Most of us like to believe we are good people who strive to do the right thing. Most of us would like to, but we know the world is rotten, that few of us are brave, and people are often greedy and cruel and indifferent to the pain of others. What's really most important is our own safety and comfort, and there are those who will dismiss altruism as just another way of making ourselves feel good. Even the extraordinary are most of the time ordinary. Scratch a hero and she will bleed.

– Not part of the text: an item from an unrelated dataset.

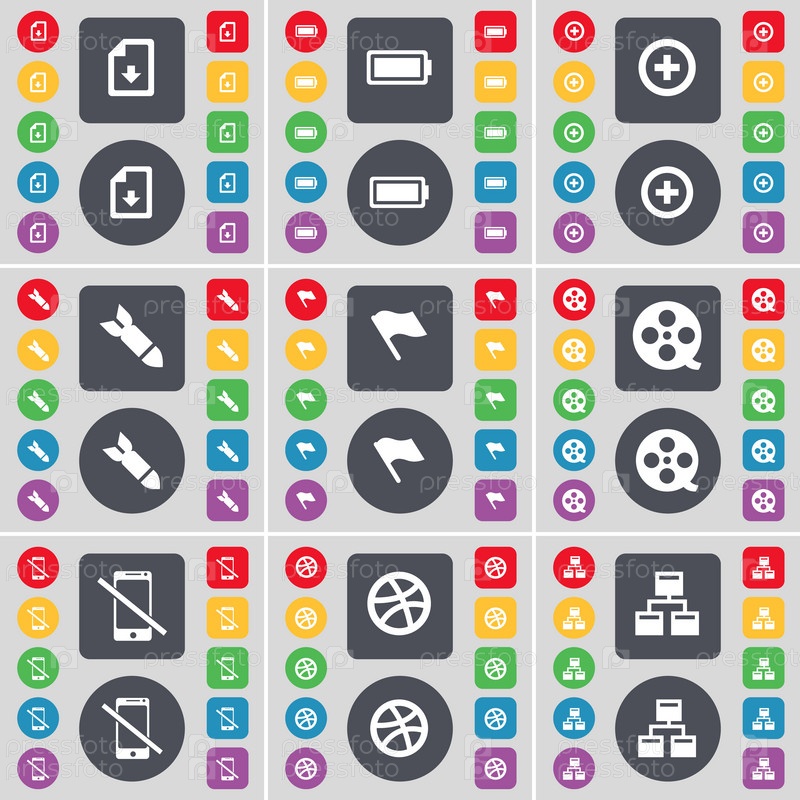 Скачать файл, батарея, плюс, ракета, флаг, видеозапись, смартфон, мяч, символ значок сети. Большой набор плоских, цветные кнопки для вашего дизайна. Вектор

All public statues are problematic to some extent because they represent an official endorsement of a particular view of history, which cannot be the whole story. And some icons are nothing more than wishful tributes to pretty lies like the Lost Cause. You might think them harmless or even stirring, as they recall the misapplied bravery and sacrifice of people caught up in the tumult of their times who lacked the imagination to escape the prevailing attitudes of their times.

Or you might identify with them at some more tribal level; you might project upon them some sort of poetry. As Miniver Cheevy preferred chain mail to khaki, some of us dress up in butternut wool and re-enact the worst moments of our experiment.

I don't think any of us are immune to this sort of romance; given the dissatisfying complexity of our own times, we might look back to what we imagine were simpler days when choices were clearer, when men were men and authority naturally vested in kings and masters.

I am for tearing down all false idols, and for not erecting any more. No plinth can bear the weight of history.